Description of the task:
For this task, copy all of the data below exactly and skip the pictures.

Supplied data:
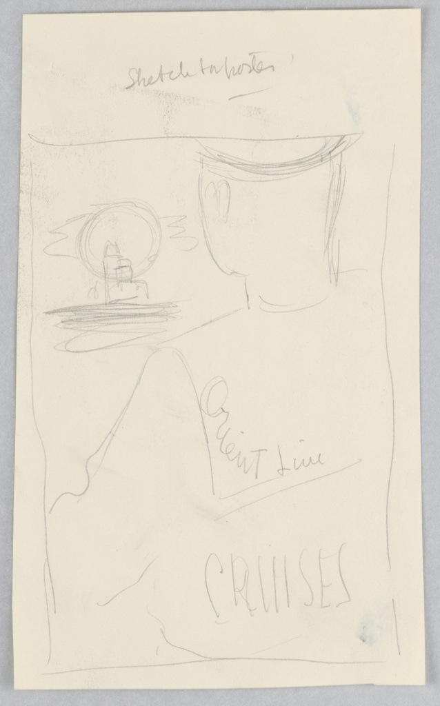 Drawing, Study for an Advertisement, Orient Line; Designed by Edward McKnight Kauffer (American, active England, 1890–1954); Client: Orient Line, Anderson, Green & Company Ltd.; USA; graphite on cream paper; 22.7 × 13.7 cm (8 15/16 × 5 3/8 in.); Gift of Mrs. E. McKnight Kauffer; 1963-39-564
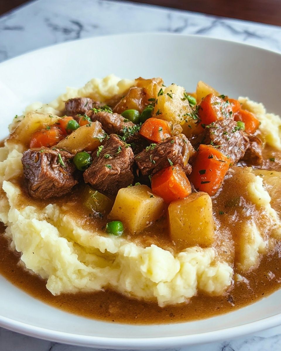 For a rustic touch, serve the stew in individual cast-iron skillets or bowls placed on top of the mashed potatoes. Another fun idea is to pipe the mashed potatoes using a star tip around the edge of the plate and spoon the stew in the center, giving a restaurant-style flair that’s sure to impress.
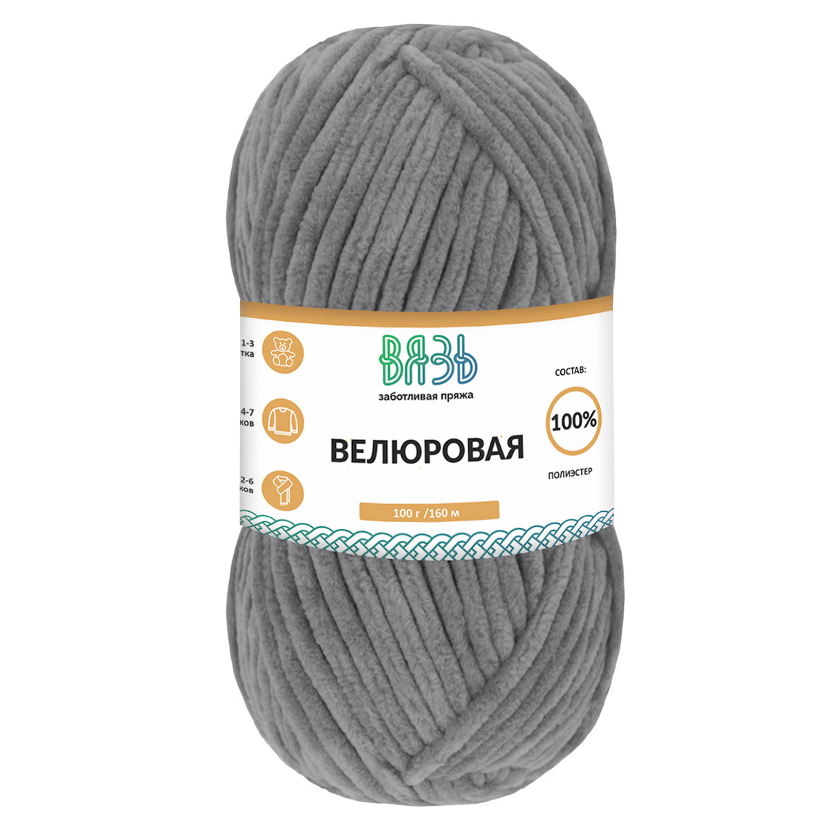 Пряжа Вязь Велюровая / уп.3 мот. по 100 г, 160 м, 09 т.серый
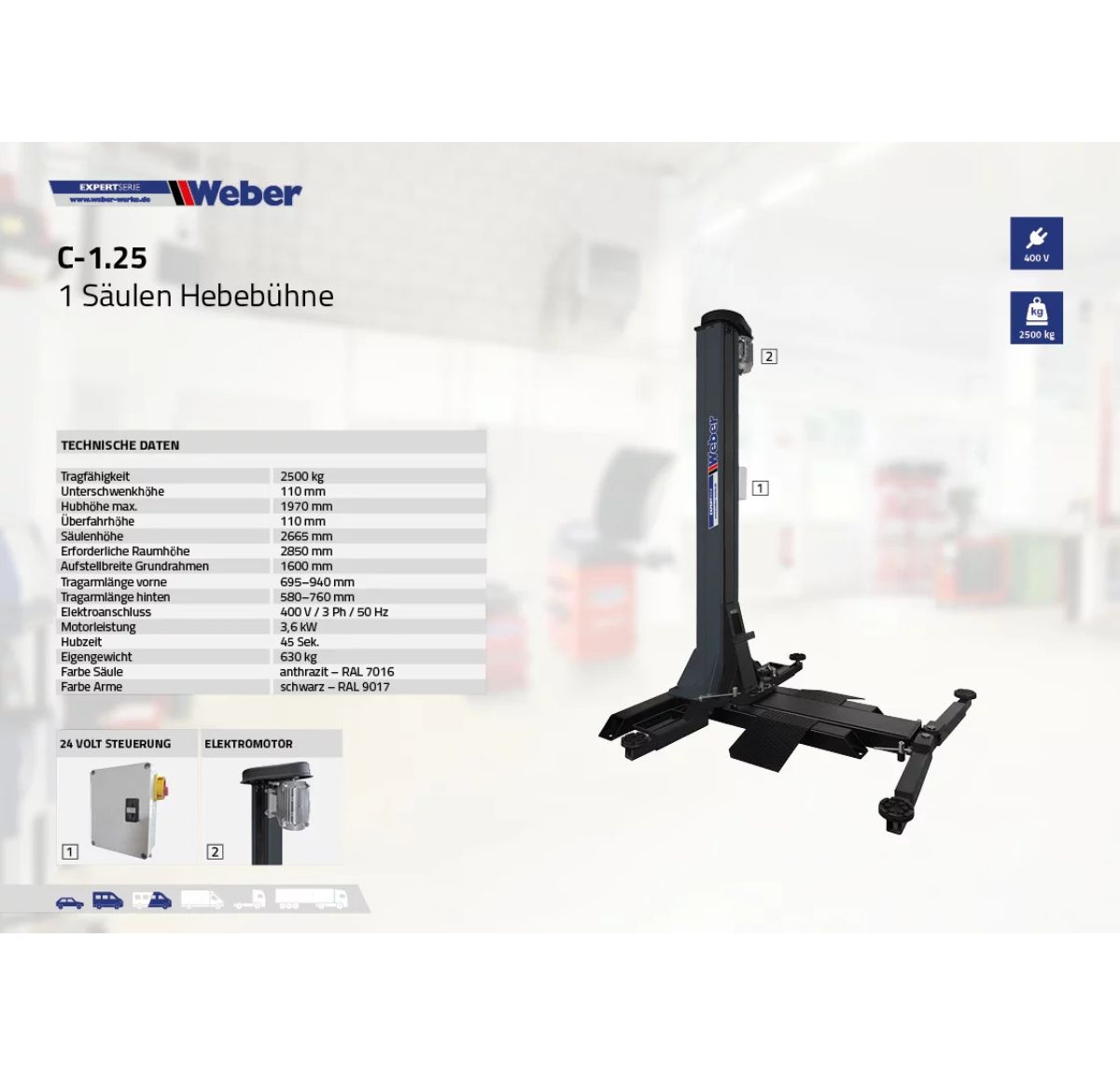 Podnośnik jednokolumnowy śrubowy Weber Expert Serie C-1.25 to doskonałe rozwiązanie dla profesjonalnych warsztatów i serwisów. Z maksymalną nośnością 2500 kg i asymetrycznymi ramionami, zapewnia wyjątkową stabilność oraz łatwy dostęp do pojazdu z trzech stron. Dzięki solidnej konstrukcji, niskiemu profilowi i wysokiej jakości materiałom, podnośnik doskonale sprawdza się przy podnoszeniu samochodów osobowych oraz małych transporterów. Jest to niezawodny sprzęt, który wyróżnia się długowiecznością, prostą obsługą i minimalnym zużyciem dzięki zastosowaniu dużych gwintów i nakrętek.

Answer space:
 Drawing, Study for an Advertisement, Orient Line; Designed by Edward McKnight Kauffer (American, active England, 1890–1954); Client: Orient Line, Anderson, Green & Company Ltd.; USA; graphite on cream paper; 22.7 × 13.7 cm (8 15/16 × 5 3/8 in.); Gift of Mrs. E. McKnight Kauffer; 1963-39-564
 For a rustic touch, serve the stew in individual cast-iron skillets or bowls placed on top of the mashed potatoes. Another fun idea is to pipe the mashed potatoes using a star tip around the edge of the plate and spoon the stew in the center, giving a restaurant-style flair that’s sure to impress.
 Пряжа Вязь Велюровая / уп.3 мот. по 100 г, 160 м, 09 т.серый
 Podnośnik jednokolumnowy śrubowy Weber Expert Serie C-1.25 to doskonałe rozwiązanie dla profesjonalnych warsztatów i serwisów. Z maksymalną nośnością 2500 kg i asymetrycznymi ramionami, zapewnia wyjątkową stabilność oraz łatwy dostęp do pojazdu z trzech stron. Dzięki solidnej konstrukcji, niskiemu profilowi i wysokiej jakości materiałom, podnośnik doskonale sprawdza się przy podnoszeniu samochodów osobowych oraz małych transporterów. Jest to niezawodny sprzęt, który wyróżnia się długowiecznością, prostą obsługą i minimalnym zużyciem dzięki zastosowaniu dużych gwintów i nakrętek.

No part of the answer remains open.